Exclude the pictures, then copy all remaining records exactly.

....

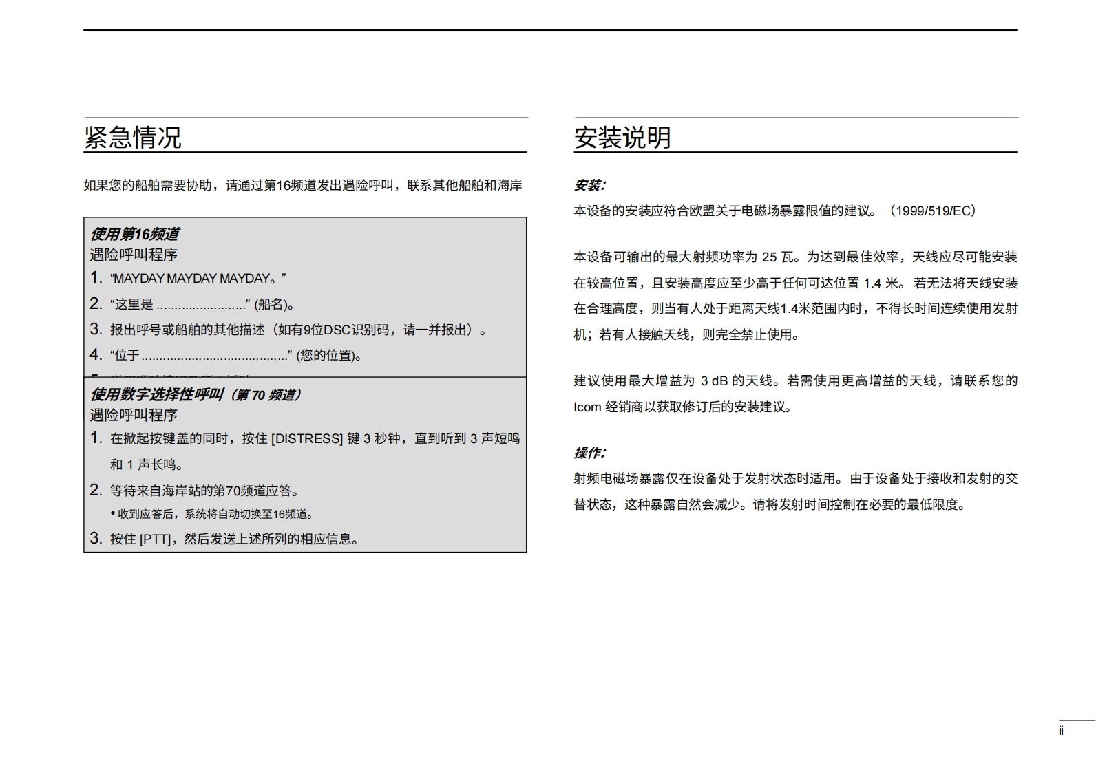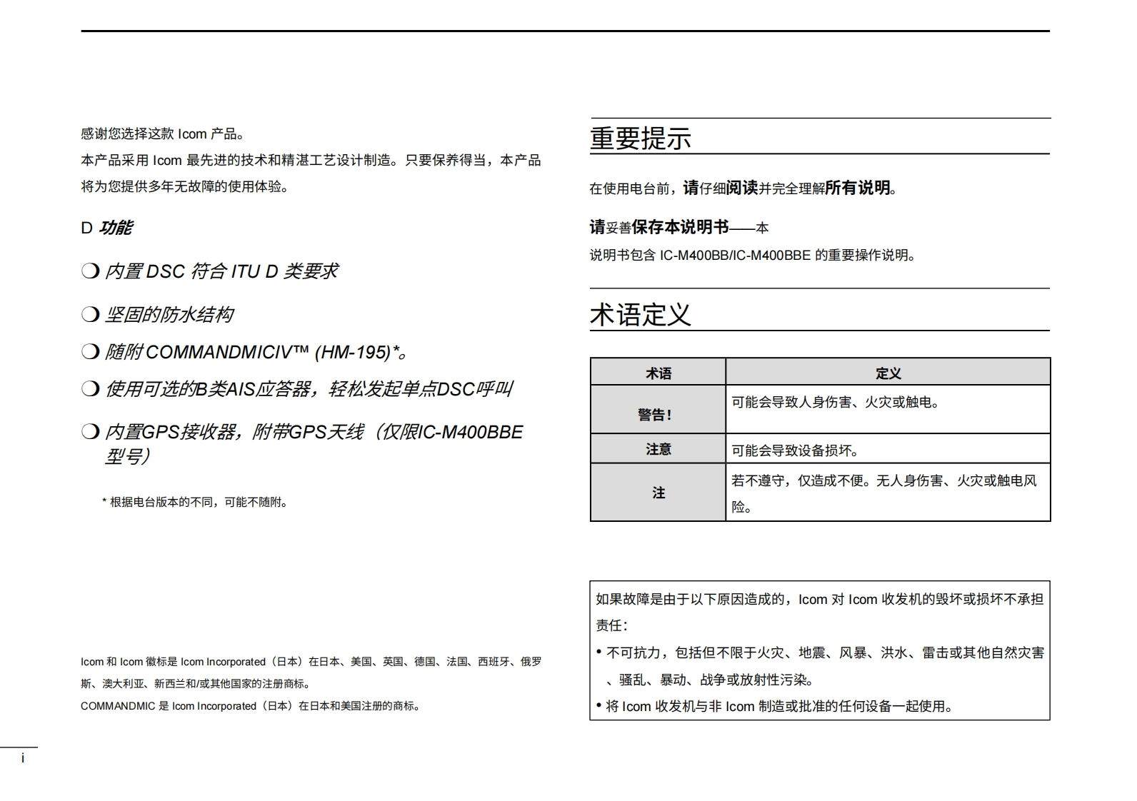 艾可慕icom-ic-m400bb-user-manual操作说明书手册-en20260331-中文版找手册网11天前发布关注私信1.76MB29页046艾可慕icom-ic-m400bb-user-manual操作说明书手册-en20260331-中文版此内容为付费资源,请付费后查看¥19¥21黄金会员免费钻石会员免费登录购买付费资源 第1页 / 共29页 第2页 / 共29页 第3页 / 共29页 第4页 / 共29页 第5页 / 共29页 第6页 / 共29页 第7页 / 共29页 第8页 / 共29页 第9页 / 共29页 第10页 / 共29页 试读已结束,还剩19页,您可下载完整版后进行离线阅读 THE END艾可慕 文本预览 使用说明书VHF船用收发机IM400BBIM400BBE▣▣▣▣四金四COMMANDMIC本设备符合美国联邦通信委员会(FCC)规则第15部分的规定。使用本设备须确RCOM花wao保不会造成有害干扰。COMMANDMICIVTM (HM-195)根据收发机版本的不同,可能不随附此配件Icom Inc. 查看更多 收起部分 喜欢就支持一下吧收藏
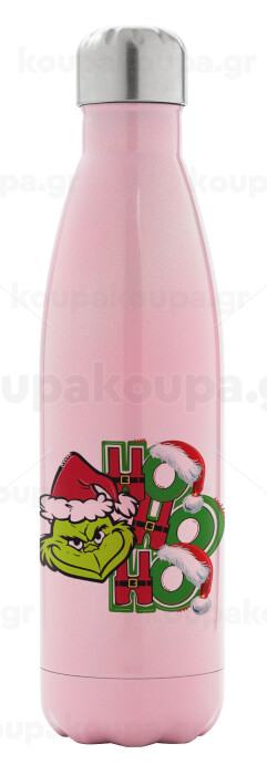 Grinch ho ho ho, Metal mug thermos Pink Iridiscent (Stainless steel), double wall, 500ml
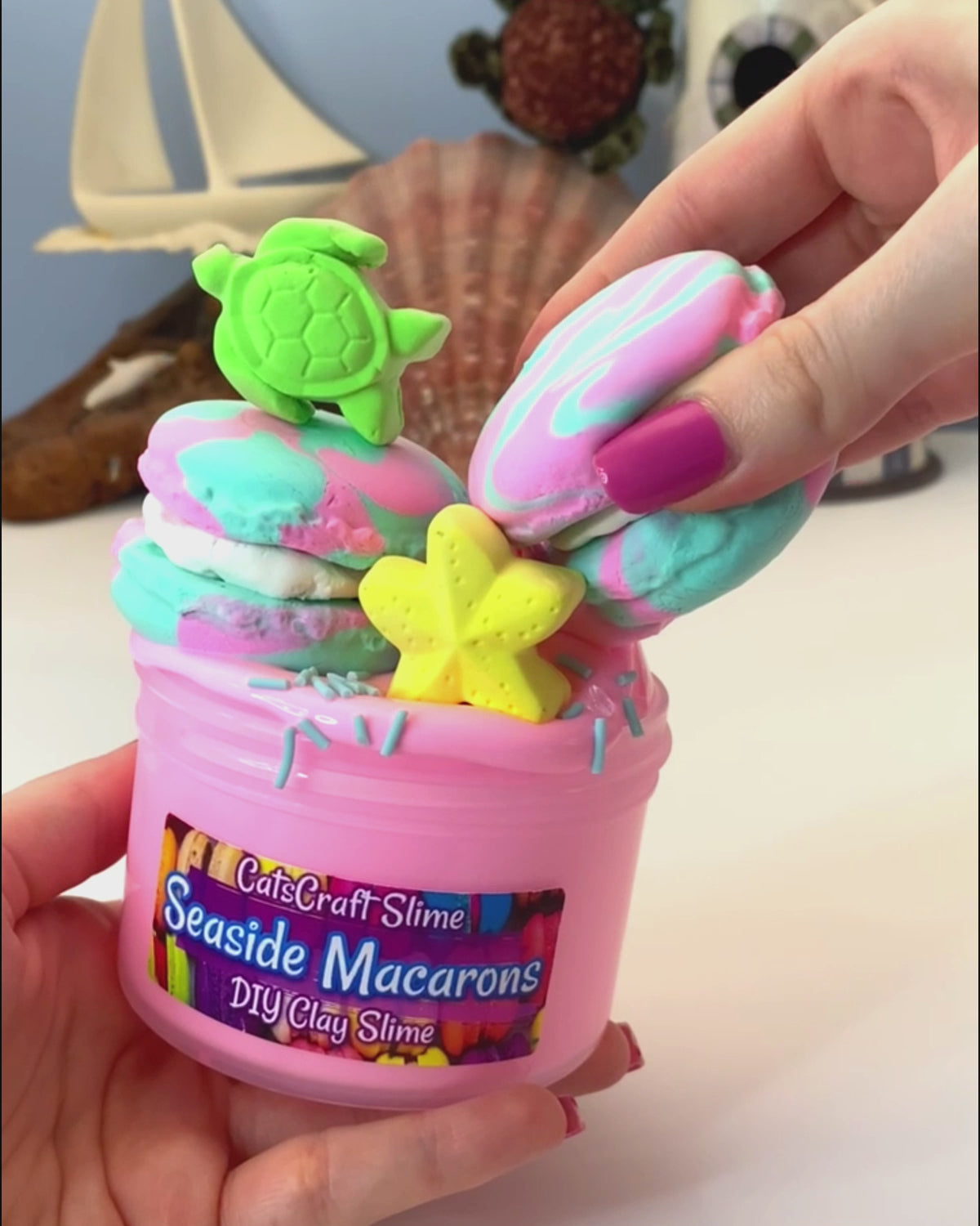 This stretchy pink slime comes with these adorable turtle and starfish plus 2 blue and pink marbled macaron clay pieces that mix into the thick glossy slime transforming it into a super soft butter slime!
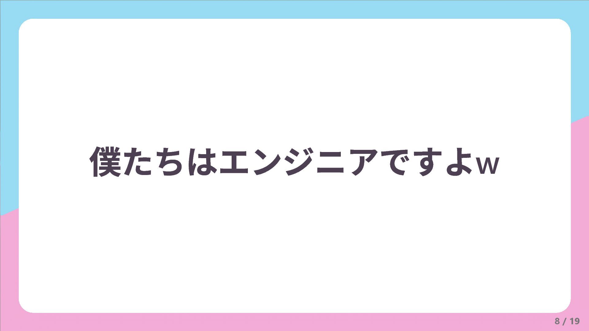 8 / 19 僕たちはエンジニアですよw
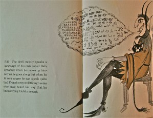 “The devil mostly speaks a language of his own called Bellsybabble which he makes up himself as he goes along but when he is very angry he can speak quite bad French very well though some who have heard him say he has a strong Dublin accent.”
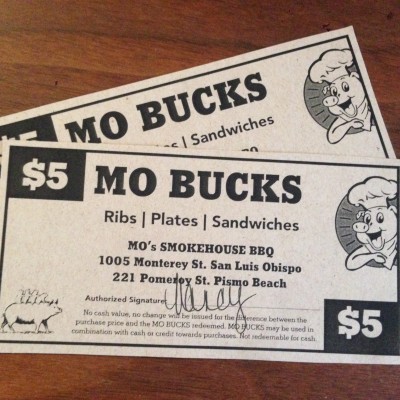 Redeemable at MO’s Smokehouse BBQ, Pismo Beach, CA.
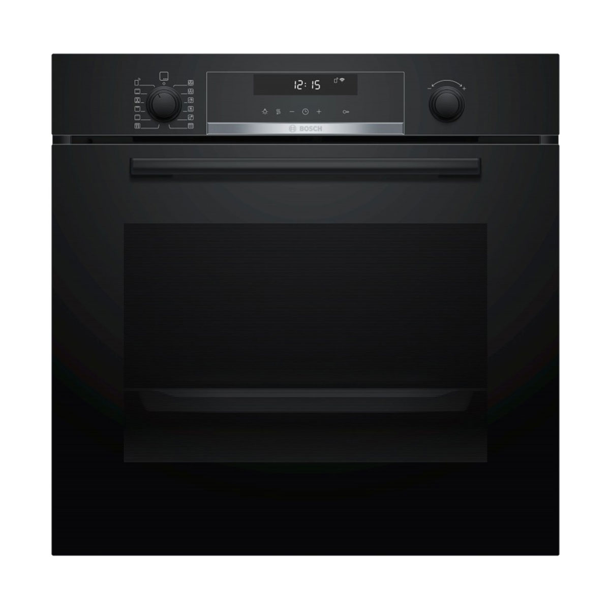 Vidro preto, visor LCD (branco), Relógio eletrónico, Cl. Energética A, Limpeza pirolítica com 3 níveis, 9 modos
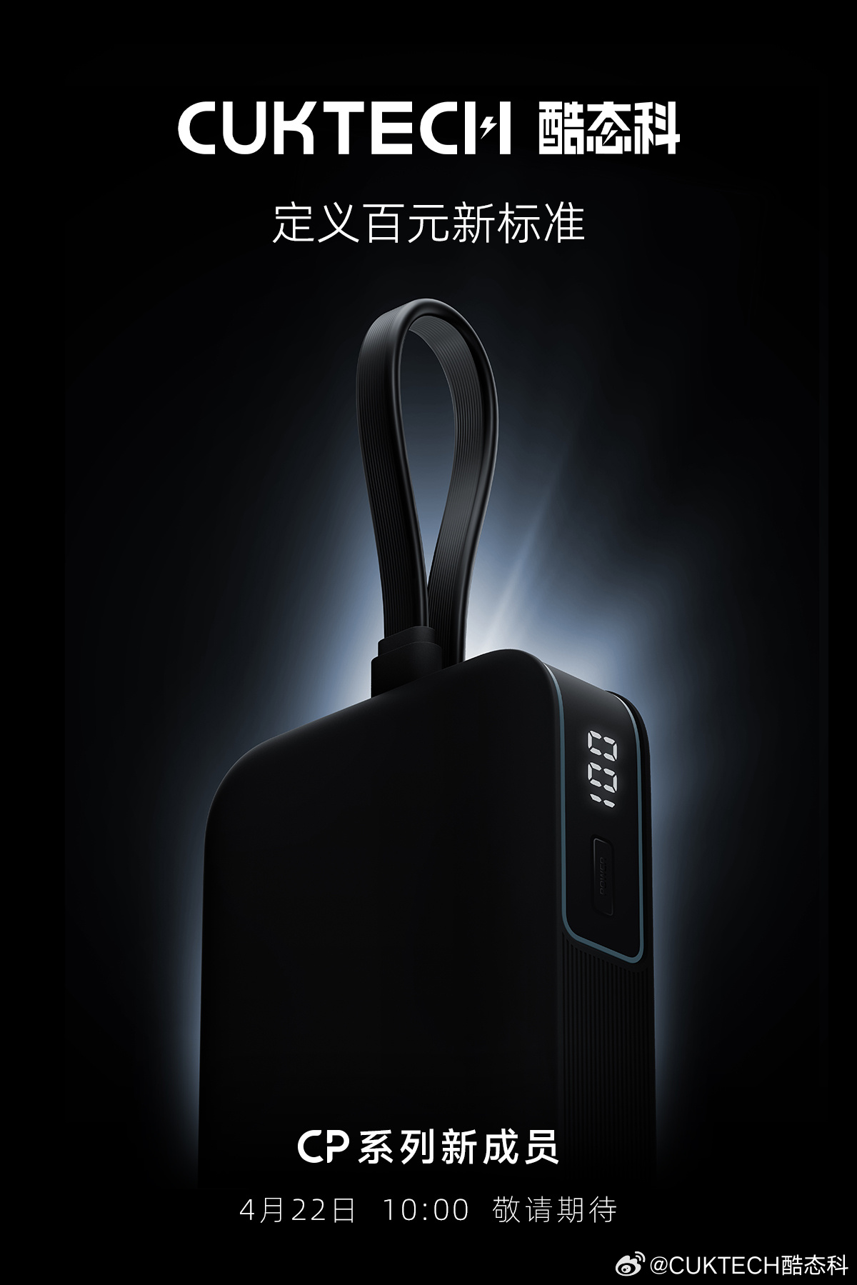 IT之家 4 月 16 日消息,酷态科官方今日宣布将于 4 月 22 日发布一款移动电源新品,slogan 为“CP 系列新成员,定义百元新标准”。

....

## REPLY TO THE TASK:
 艾可慕icom-ic-m400bb-user-manual操作说明书手册-en20260331-中文版找手册网11天前发布关注私信1.76MB29页046艾可慕icom-ic-m400bb-user-manual操作说明书手册-en20260331-中文版此内容为付费资源,请付费后查看¥19¥21黄金会员免费钻石会员免费登录购买付费资源 第1页 / 共29页 第2页 / 共29页 第3页 / 共29页 第4页 / 共29页 第5页 / 共29页 第6页 / 共29页 第7页 / 共29页 第8页 / 共29页 第9页 / 共29页 第10页 / 共29页 试读已结束,还剩19页,您可下载完整版后进行离线阅读 THE END艾可慕 文本预览 使用说明书VHF船用收发机IM400BBIM400BBE▣▣▣▣四金四COMMANDMIC本设备符合美国联邦通信委员会(FCC)规则第15部分的规定。使用本设备须确RCOM花wao保不会造成有害干扰。COMMANDMICIVTM (HM-195)根据收发机版本的不同,可能不随附此配件Icom Inc. 查看更多 收起部分 喜欢就支持一下吧收藏
 Grinch ho ho ho, Metal mug thermos Pink Iridiscent (Stainless steel), double wall, 500ml
 This stretchy pink slime comes with these adorable turtle and starfish plus 2 blue and pink marbled macaron clay pieces that mix into the thick glossy slime transforming it into a super soft butter slime!
 8 / 19 僕たちはエンジニアですよw
 “The devil mostly speaks a language of his own called Bellsybabble which he makes up himself as he goes along but when he is very angry he can speak quite bad French very well though some who have heard him say he has a strong Dublin accent.”
 Redeemable at MO’s Smokehouse BBQ, Pismo Beach, CA.
 Vidro preto, visor LCD (branco), Relógio eletrónico, Cl. Energética A, Limpeza pirolítica com 3 níveis, 9 modos
 IT之家 4 月 16 日消息,酷态科官方今日宣布将于 4 月 22 日发布一款移动电源新品,slogan 为“CP 系列新成员,定义百元新标准”。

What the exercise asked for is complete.